[Recorded data]
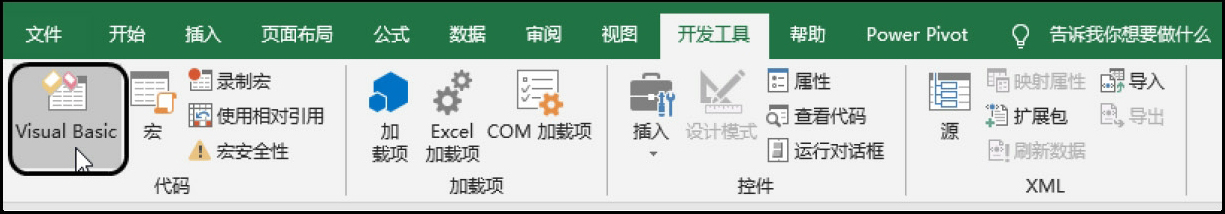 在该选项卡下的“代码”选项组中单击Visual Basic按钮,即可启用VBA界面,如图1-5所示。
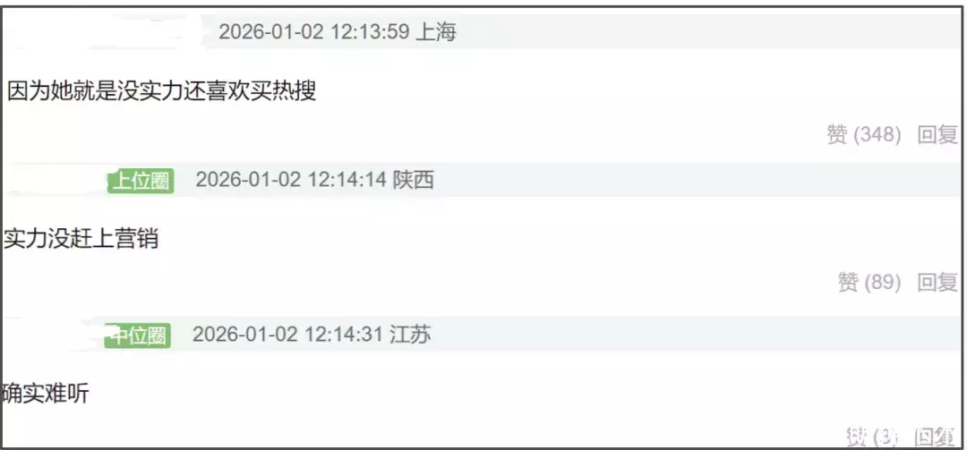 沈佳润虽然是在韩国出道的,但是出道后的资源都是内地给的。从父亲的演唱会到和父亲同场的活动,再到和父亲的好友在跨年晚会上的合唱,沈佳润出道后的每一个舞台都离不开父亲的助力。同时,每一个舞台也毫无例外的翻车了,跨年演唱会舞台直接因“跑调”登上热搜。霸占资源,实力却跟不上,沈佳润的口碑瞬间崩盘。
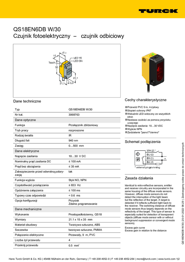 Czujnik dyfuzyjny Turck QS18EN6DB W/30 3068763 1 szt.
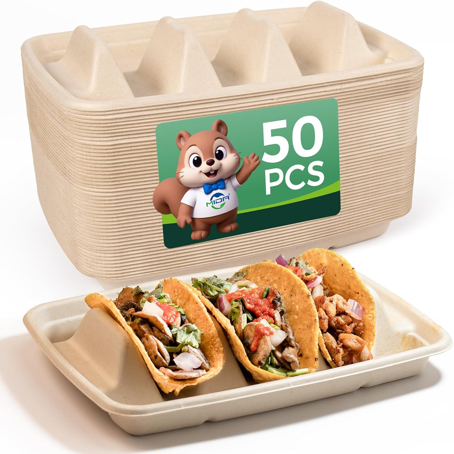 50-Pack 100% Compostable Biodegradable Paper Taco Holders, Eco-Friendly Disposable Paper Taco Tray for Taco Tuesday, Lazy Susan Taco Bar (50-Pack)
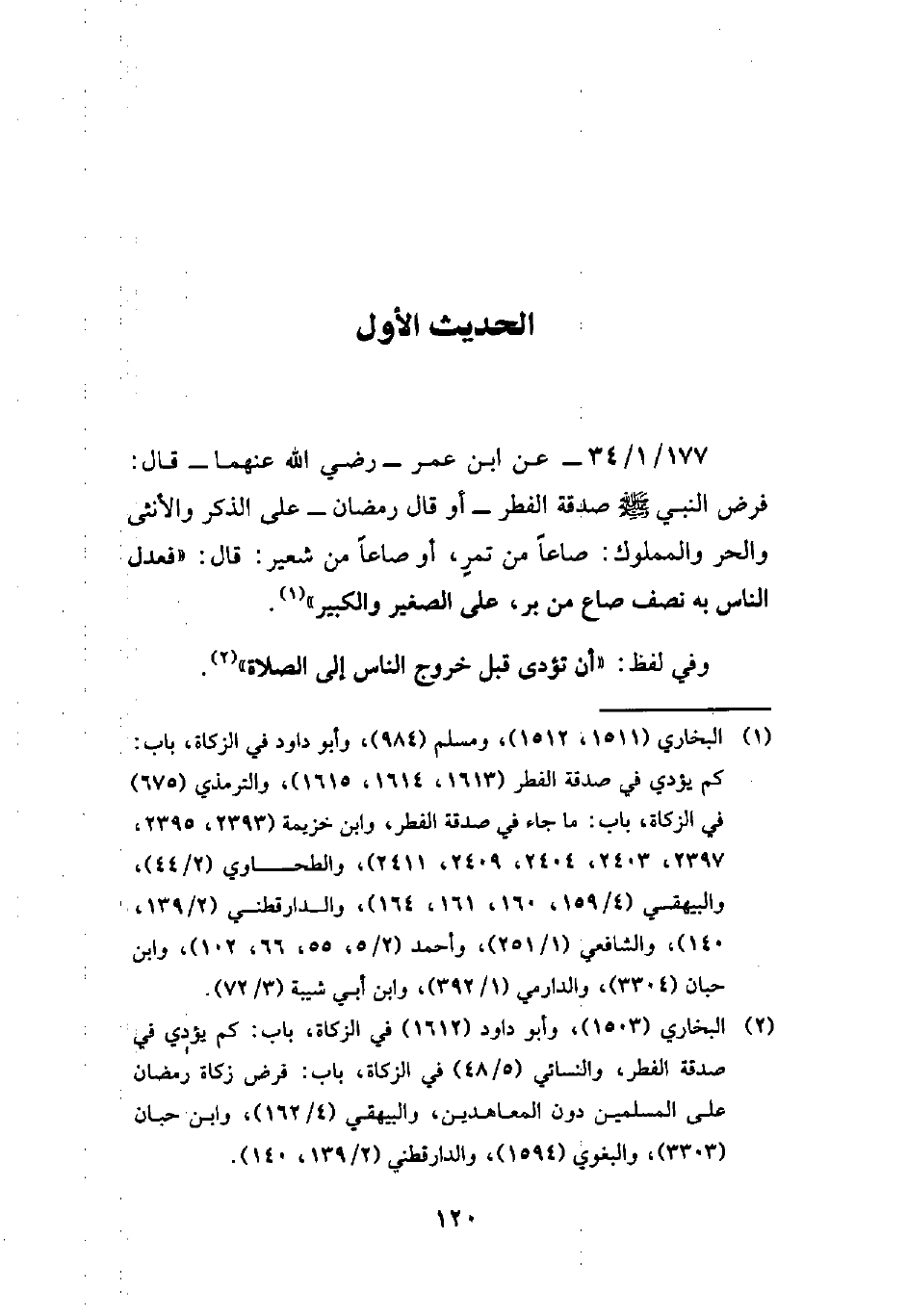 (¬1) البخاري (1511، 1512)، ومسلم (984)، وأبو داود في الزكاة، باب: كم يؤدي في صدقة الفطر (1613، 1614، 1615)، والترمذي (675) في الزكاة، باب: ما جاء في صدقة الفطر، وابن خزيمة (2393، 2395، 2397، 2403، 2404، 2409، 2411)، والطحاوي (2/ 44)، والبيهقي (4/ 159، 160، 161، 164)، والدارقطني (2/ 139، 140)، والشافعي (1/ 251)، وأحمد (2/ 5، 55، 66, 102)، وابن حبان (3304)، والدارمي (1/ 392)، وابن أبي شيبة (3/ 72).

**What is needed:**
Omitting the images, transcribe every record exactly.

**Answer to this exercise:**
 在该选项卡下的“代码”选项组中单击Visual Basic按钮,即可启用VBA界面,如图1-5所示。
 沈佳润虽然是在韩国出道的,但是出道后的资源都是内地给的。从父亲的演唱会到和父亲同场的活动,再到和父亲的好友在跨年晚会上的合唱,沈佳润出道后的每一个舞台都离不开父亲的助力。同时,每一个舞台也毫无例外的翻车了,跨年演唱会舞台直接因“跑调”登上热搜。霸占资源,实力却跟不上,沈佳润的口碑瞬间崩盘。
 Czujnik dyfuzyjny Turck QS18EN6DB W/30 3068763 1 szt.
 50-Pack 100% Compostable Biodegradable Paper Taco Holders, Eco-Friendly Disposable Paper Taco Tray for Taco Tuesday, Lazy Susan Taco Bar (50-Pack)
 (¬1) البخاري (1511، 1512)، ومسلم (984)، وأبو داود في الزكاة، باب: كم يؤدي في صدقة الفطر (1613، 1614، 1615)، والترمذي (675) في الزكاة، باب: ما جاء في صدقة الفطر، وابن خزيمة (2393، 2395، 2397، 2403، 2404، 2409، 2411)، والطحاوي (2/ 44)، والبيهقي (4/ 159، 160، 161، 164)، والدارقطني (2/ 139، 140)، والشافعي (1/ 251)، وأحمد (2/ 5، 55، 66, 102)، وابن حبان (3304)، والدارمي (1/ 392)، وابن أبي شيبة (3/ 72).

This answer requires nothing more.